Honda to focus on PHEVs, development of battery-electrics in addition to fuel cell vehicles; 2/3 of sales electrified by 2030
09 June 2017
At a press meeting in Tokyo, Honda Motor Co., Ltd. President & CEO Takahiro Hachigo discussed the future direction of Honda, including various products and technologies and the company’s new 2030 Vision.
Hachigo said that Honda aims to electrify two-thirds of global automobile unit sales in 2030. The company will put a central focus on hybrid-based models utilizing a high-efficiency plug-in hybrid system unique to Honda. As for zero-emission vehicles (ZEVs), Honda will strengthen the development of battery-electric vehicles in addition to fuel cell electric vehicles (FCV).
In addition to a China-exclusive model scheduled to go on sale in 2018, a dedicated EV model for other regions is also currently under development. Honda will introduce this model at an auto show this fall.

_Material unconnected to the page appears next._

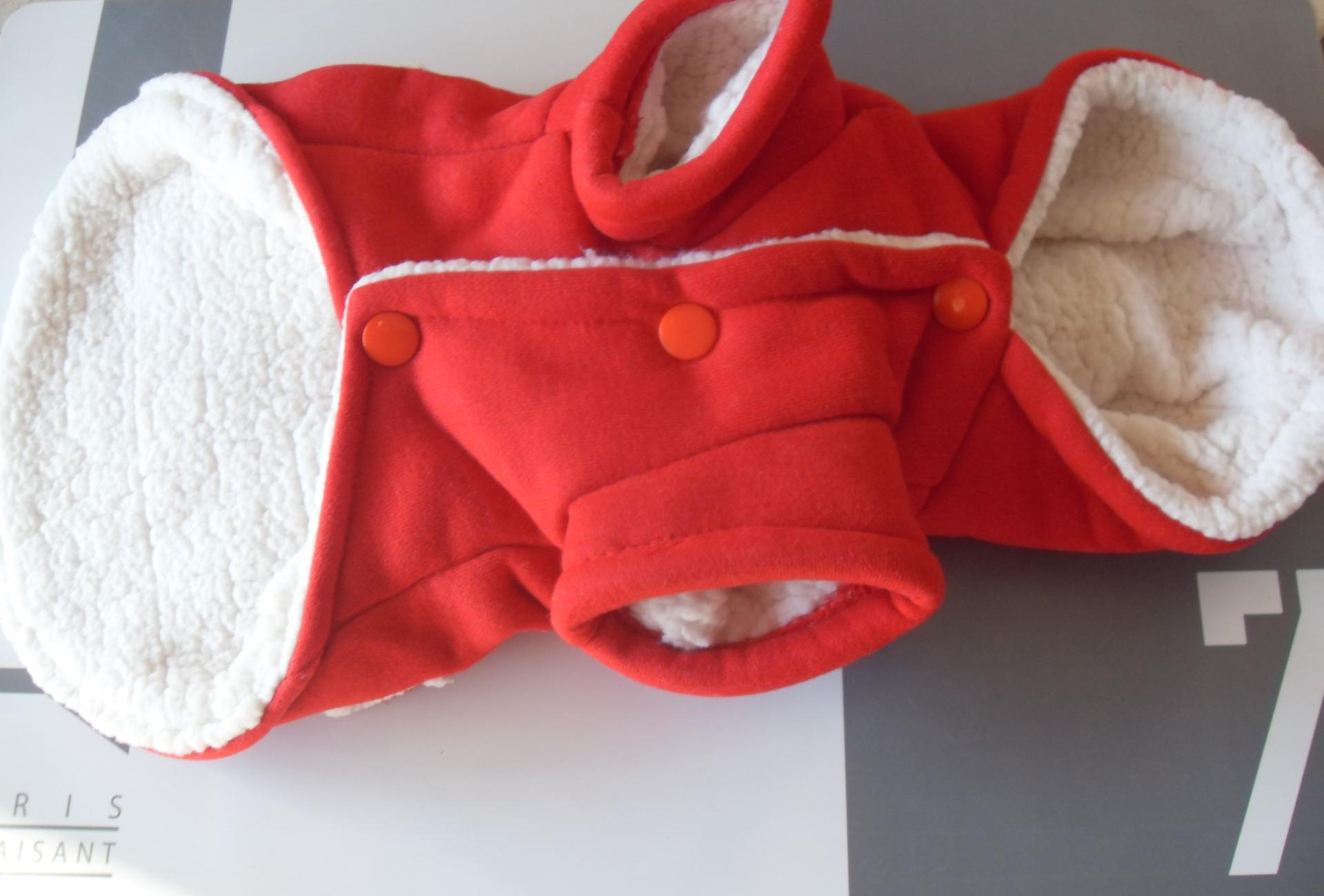 blanc noir capuche rouge vêtement chien chihuahua; yorkshire toy jack russel animaux. chiot blouson manteau duffle coat

Hachigo noted that to increase development speed further, the company is strengthening its system and capability for the development of electrified vehicles. In October of last year, it established within Honda R&D an Electric Vehicle Development Division, a specialized team which will be in charge of developing the entire vehicle including the powertrain and body.
On the two-wheel front, Honda is striving to promote the electrification of commuter models, and plans to introduce some new models including an electric scooter in 2018.

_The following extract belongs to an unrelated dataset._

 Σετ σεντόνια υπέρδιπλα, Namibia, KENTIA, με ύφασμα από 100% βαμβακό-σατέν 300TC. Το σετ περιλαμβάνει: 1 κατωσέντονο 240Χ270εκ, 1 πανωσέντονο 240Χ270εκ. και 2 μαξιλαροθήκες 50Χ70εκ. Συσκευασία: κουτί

Honda is currently working on the research and development of a highly-convenient system for electric commuters, which features a detachable mobile battery that is easy to replace and/or recharge. Honda is considering demonstration testing of this mobile battery in collaboration with the Japan Post Co., Ltd. in Japan.
So Honda has just set the bar for conversion from petroleum to electric power (meaning omni-fuel, as there is practically no useful source of energy that isn't being used to make electricity; steam coal is used for almost nothing else).
This is bad for petroleum. Let the Saudis drink their oil.
It is potentially very good for climate change, as electrification is key to de-carbonization. Whether we can get the paranoia of Germany, Japan and Austria properly treated to get the job done is another matter.
Posted by: Engineer-Poet | 09 June 2017 at 06:56 AM
You could add USA (one of the top per capita polluter), China (top total polluter) and India (chasing China for first place) to the list.
Posted by: HarveyD | 09 June 2017 at 08:12 AM
HarveyD: I think that E-P's list referred to nuclear power paranoia. Most counties are not going to be carbon free without using nuclear power.
Posted by: sd | 09 June 2017 at 09:47 AM
The USA's grid emits less CO2 per kWh than Germany's; we're on par with "Green" Denmark.
The USA could reverse the trend toward closure of NPPs with a single sentence in a law: "Nuclear power shall be considered "renewable" for the purposes of all state portfolio standards, source certificates and subsidies, and shall have the same priority of grid dispatch."
As soon as that was signed, you'd see utilities lining up to sign construction contracts on their already-granted licenses.
Ten years later, you'd see the GHG emissions curve (that will already be headed down, thanks to Honda and the companies that will imitate it) head down even more steeply.
Posted by: Engineer-Poet | 09 June 2017 at 10:26 AM
I don't oppose nuclear power, but until SMRs are mainstream, the capital cost, construction time and project risk put NPPs at an economic competitive disadvantage. I agree that they should be classified alongside renewable despite using extractive fuel because they are zero carbon base load.
Solar, wind, geothermal, backed up by stationary storage, do not require massive set-asides for decommissioning.
Decommissioning San Onofre in SoCal Calif will cost $10.4 billion, 70% of which customers must cover.
To put that in perspective, at least five 400MW Ivanpah-size solar electric generating facilities could be built for that cost, with an aggregate output roughly equal to a San Onofre generator.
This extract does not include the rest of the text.